Executing the Apply Model task creates the index of the cluster to which each pattern in the training and in the test set belongs. This is obtained by finding the cluster that includes the same tag as the considered sample; the default cluster is selected if that tag was not considered in the clustering process (i.e. it was not present in the training set).
14 additional result attributes have been added to the dataset as can be seen by right-clicking the computed task and selecting Take a look. The first three result attributes concern the cluster associated with the current pattern:
pred(Output): the index of the cluster.
conf(Output): the confidence of the association between cluster and pattern, given by 1-0.5*d1/d2, where d1 and d2 are the distances from the nearest and the second-nearest centroid, respectively.

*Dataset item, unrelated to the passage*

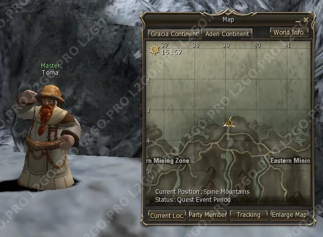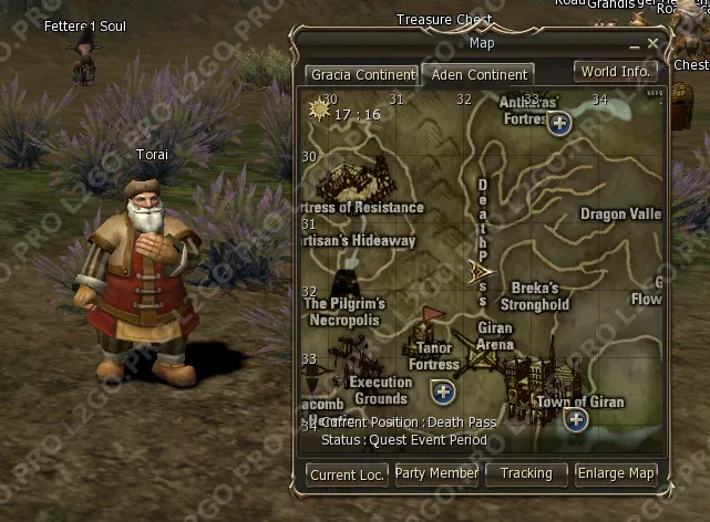 Телепортируйтесь в Town of Giran. Идите по дороге в Death Pass (Долина Смерти), чтобы найти Torai. Поговорите с ним и получите
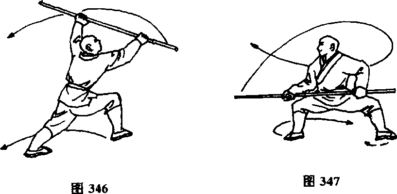 两脚碾地,体左转180°,两腿成马步,同时两手握棍由右向 左劈打,然后倒把向右侧右压棍,目视右侧棍端。(图347)

Since d1<d2 the confidence always lies in the interval [0.5,1].
clust(Output): the row of the Clusters tab in the Projection Clustering task containing the associated cluster.
The subsequent five result variables report the values of the profile attributes for the centroid of the associated cluster: pred(age), pred(education-num), etc.
The remaining six result variables concern the error generated when these values are employed as a forecast for the actual profile attributes of the pattern. In particular, the first of these result variables (error) provides the total error, whereas the others (err(age), err(education-name) etc.) provide the error for each attribute.